Kembali ke tahun 1935 setahun sebelum didirikannya dojo Shotokan di Tokyo, saat itu Funakoshi membutuhkan begitu banyak dana & bantuan untuk mendirikan dojo. Kemudian Funakoshi membentuk Shotokai, sebuah organisasi yang khusus menangani masalah ini. Dengan demikian saat itu Funakoshi menjabat dua posisi : instruktur kepala di dojo cikal bakal Shotokan dan kepala Shotokai.

Dari huruf kanjinya, Shotokai terbentuk dari tiga huruf kanji : Sho berarti pohon cemara, To berarti gelombang, Kai berarti organisasi atau perkumpulan. Shotokai berarti Organisasi Shoto atau Organisasi yang didirikan Gichin Funakoshi. Sedangkan Shotokan terbentuk dari tiga huruf kanji Sho berarti pohon cemara, To berarti gelombang, Kan berarti ruang atau balai utama tempat berlatih. Jadi perbedaan nama hanya terletak pada huruf kanji terakhirnya.

Tahun 1936 akhirnya dojo tersebut berhasil didirikan di Tokyo, menjadi gedung utama saat itu bagi Funakoshi dan murid-muridnya dan nama Shotokan diusulkan oleh pengikut Funakoshi. Pada tahun yang sama menggunaan nama ”karate-do” sebagai seni bela dirinya, dan seluruh ahli bela diri Okinawa setuju dengan ini.

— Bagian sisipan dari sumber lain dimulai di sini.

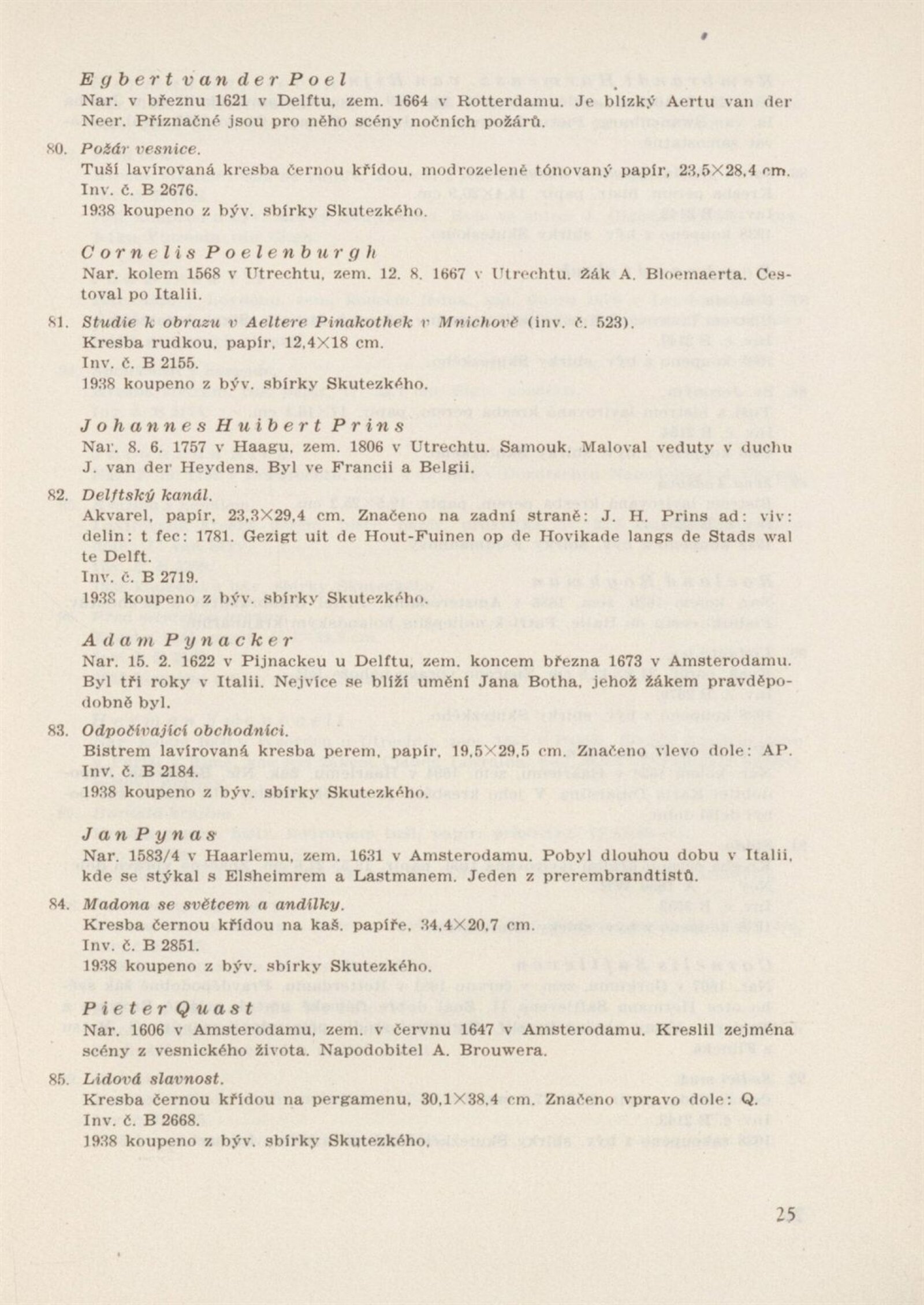 Holandská kresba 17. století: Obrazárna Moravského musea a Dům umění města Brna, 16. 12. 1954 – 19. 1. 1955 / Text: Karel Krejčí. – Brno: DUmB, 1954. – 29 s., obr., životní data vystavených autorů, DU 214. – MZK; MG; AMB

Pada perkembangan selanjutnya, tahun 1951 Shotokai bersatu kembali. Organisasi ini selanjutnya memperkuat eksistensinya tahun 1956. Tujuannya adalah mewujudkan tujuan karate yang sejati, sebagai seni jalan hidup dan bukan untuk olah raga.

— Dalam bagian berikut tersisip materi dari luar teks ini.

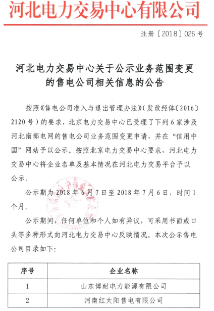 按照《售電公司準(zhǔn)入與退出管理辦法》的要求,北京電力交易中心已受理了下列6家涉及河北南部電網(wǎng)的售電公司業(yè)務(wù)范圍變更申請(qǐng)。公示期為2018
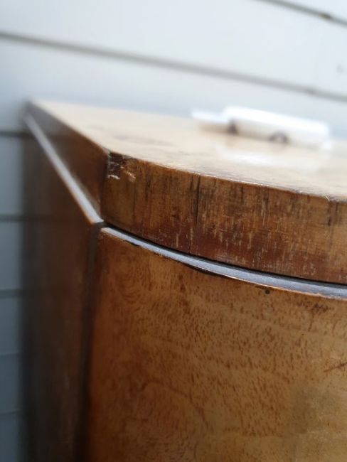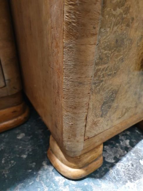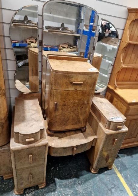 Early 20th century Art Deco walnut bedroom suite to include three-door wardrobe, compactum, dressing table with three part mirror and side cupboard (4) Condition ReportSmall wardrobe with surface scratches, scuffs and knocks.  Splits and areas of loss to the veneer. Fading and discolouration in places. H. approx 161cm, W. approx 86cm, D approx 48cmSide cupboard with surface scratches, scuffs and knocks.  Splits and areas of loss to the veneer. Fading and discolouration in places, wear to veneer, H. approx 71cm, W. approx 44cm, D. approx 33cmDressing table with surface scratches, scuffs and knocks.  Splits and areas of loss to the veneer. Fading and discolouration in places, some of the handles are loose.  H. approx 161cm, W. approx 109cm, D. approx 57cmAll with general wear and tear.

Tahun 1957 Gichin Funakoshi meninggal dunia. Keluarga Funakoshi menyerahkan seluruh aset, dokumen berikut simbol harimau kepada Shotokai sebagaimana permintaan terakhir Funakoshi. Setelah Funakoshi meninggal para pengikut Funakoshi terpecah menjadi dua kelompok. Satu kelompok di pihak yang saat ini dikenal dengan Japan Karate Association (JKA) yang kemudian lebih dikenal dengan nama Shotokan. Sementara kelompok yang lain adalah Shotokai yang yang masih sangat setia dengan ajaran dari Funakoshi.

Walaupun berpegang pada filosofi yang sama, satu-satunya penghalang antara dua kelompok ini adalah turnamen, kompetisi dan yang semacamnya harus diperkenalkan dan diadakan. Cukup dimaklumi sejak Funakoshi melarang adanya kompetisi yang selalu diusulkan oleh beberapa pengikutnya.

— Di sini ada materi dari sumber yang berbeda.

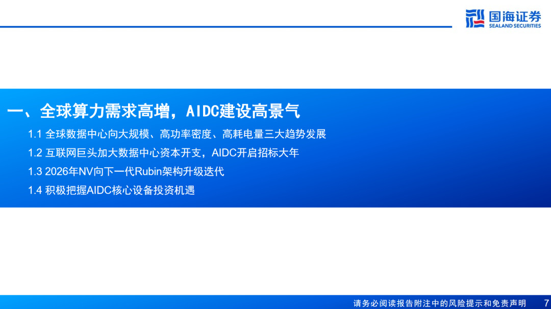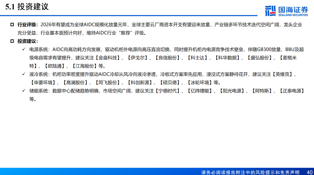 行业评级:2026年有望成为全球AIDC规模化放量元年,全球主要云厂商资本开支有望迎来放量,产业链多环节技术迭代空间广阔,部分环节存在短期供需错配,国内龙头企业充分受益,行业基本面预计向好,维持AIDC行业“推荐”评级。

Selanjutnya, setelah Funakoshi meninggal Shigeru Egami dan Genshin Hironishi berbagi tanggung jawab untuk memimpin Shotokai. Shigeru Egami adalah salah satu murid Funakoshi yang paling awal sekaligus paling setia. Setelah bertahun-tahun berlatih, Egami menemukan cara yang lebih efisien dalam melancarkan suatu teknik. Teknik dilancarkan dengan pikiran dan tubuh yang rileks. Setelah menemukan metode ini Egami menyarankan metode ini untuk digunakan dalam latihan-latihan selanjutnya. Inilah yang menjadi dasar dari Shotokai.

Apa yang terlihat saat ini gerakan dalam Shotokai terlihat mengalir lebih natural, penuh tenaga namun dilakukan sejalan dengan prinsip harmonis dan relaksasi menghindari gerakan yang cenderung kasar. Karena itulah sejak Egami menyarankan metode latihan yang baru, sekalipun Shotokai adalah nama perkumpulan/organisasi maka banyak pihak yang beranggapan Shotokai telah menjadi suatu aliran karate.

Tujuan seseorang berlatih karate sangat beragam. Ada yang berlatih karate demi tujuan membela diri, ada pula yang demi mencapai kondisi fisik yang lebih baik, sementara ada pula yang demi meraih medali dan penghargaan. Jika Anda termasuk orang yang memilih salah satu dari ketiga alasan diatas, maka Anda tidak cocok berlatih di Shotokai. Shotokai lebih cenderung melatih karate sebagai filosofi.

Shigeru Egami selalu menjaga Shotokai tidak mengikuti turnamen atau kompetisi dan semacamnya bahkan hingga saat ini. Tampaknya inilah yang benar-benar membedakan Shotokai dengan Shotokan. Dalam salah satu tulisannya Egami menyatakan, ” Pertama-tama kita belajar karate sebagai sebuah teknik bertarung, kemudian dengan berlalunya waktu dan pengalaman kita akan memahami hakikat jiwa dan mampu membuka diri kita untuk bersatu dengan orang lain yang ingin bertarung dengan kita. Ini adalah prinsip yang mengajak kita untuk hidup bersama-sama dalam kedamaian.”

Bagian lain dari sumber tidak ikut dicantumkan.